• _Dataset section_:
□ □ □ □ □

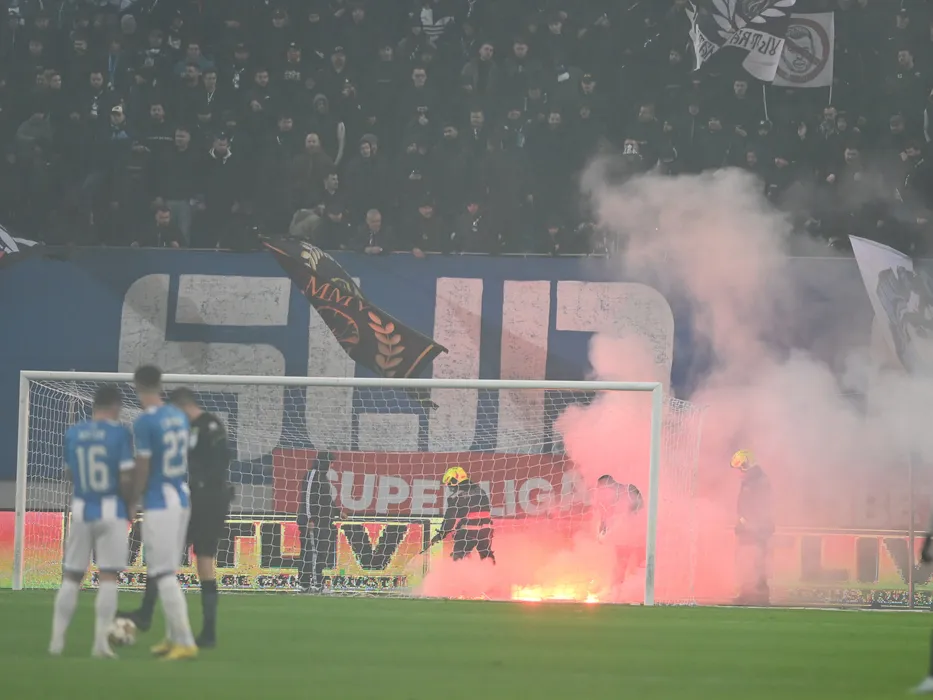 Fumigene in Peluza Sud craioveana la meciul de fotbal dintre Universitatea Craiova si FC U Craiova, contand pentru Superliga Superbet, desfasurat pe Stadionul Ion Oblemenco din Craiova, sambata 3 decembrie 2022. © FOTO:Razvan Pasarica/SPORT PICTURES
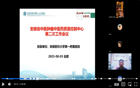 8月3日下午,安徽省中医肿瘤中医药质量控制中心2023年第二次工作会议在线上召开。会议由质控中心主任李平教授主持,北京中医药大学东方医院李泉旺教授,黑龙江中医药大学第一附属医院韩凤娟教授应邀参加。质控中心副主任张梅、张锋利,秘书苏丽,专家组成员周晋华、曾永蕾、梁惠、查名宝、魏有刚、吴福宁、刘振昌及院医疗质量管理办公室吴栋录参会。
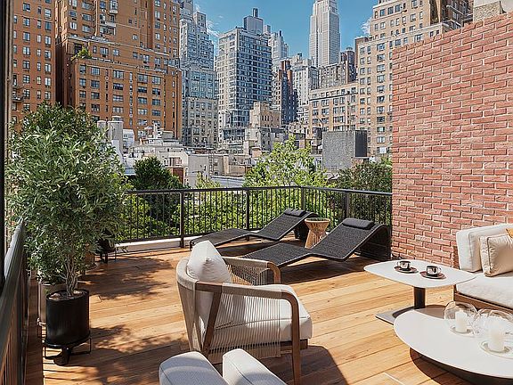 Beneath an exquisite brownstone, brick, and terra cotta façade, this special home captures the essence of townhouse living moments from exciting dining, shopping, and culture in prime Midtown Manhattan. A private terrace offers rare outdoor space and the perfect place to entertain, grill, sunbathe, and more.

□ □ □ □ □

• _What is being asked_:
Give back an exact copy of the material above, omitting the pictures.

• _The completed task_:
 Fumigene in Peluza Sud craioveana la meciul de fotbal dintre Universitatea Craiova si FC U Craiova, contand pentru Superliga Superbet, desfasurat pe Stadionul Ion Oblemenco din Craiova, sambata 3 decembrie 2022. © FOTO:Razvan Pasarica/SPORT PICTURES
 8月3日下午,安徽省中医肿瘤中医药质量控制中心2023年第二次工作会议在线上召开。会议由质控中心主任李平教授主持,北京中医药大学东方医院李泉旺教授,黑龙江中医药大学第一附属医院韩凤娟教授应邀参加。质控中心副主任张梅、张锋利,秘书苏丽,专家组成员周晋华、曾永蕾、梁惠、查名宝、魏有刚、吴福宁、刘振昌及院医疗质量管理办公室吴栋录参会。
 Beneath an exquisite brownstone, brick, and terra cotta façade, this special home captures the essence of townhouse living moments from exciting dining, shopping, and culture in prime Midtown Manhattan. A private terrace offers rare outdoor space and the perfect place to entertain, grill, sunbathe, and more.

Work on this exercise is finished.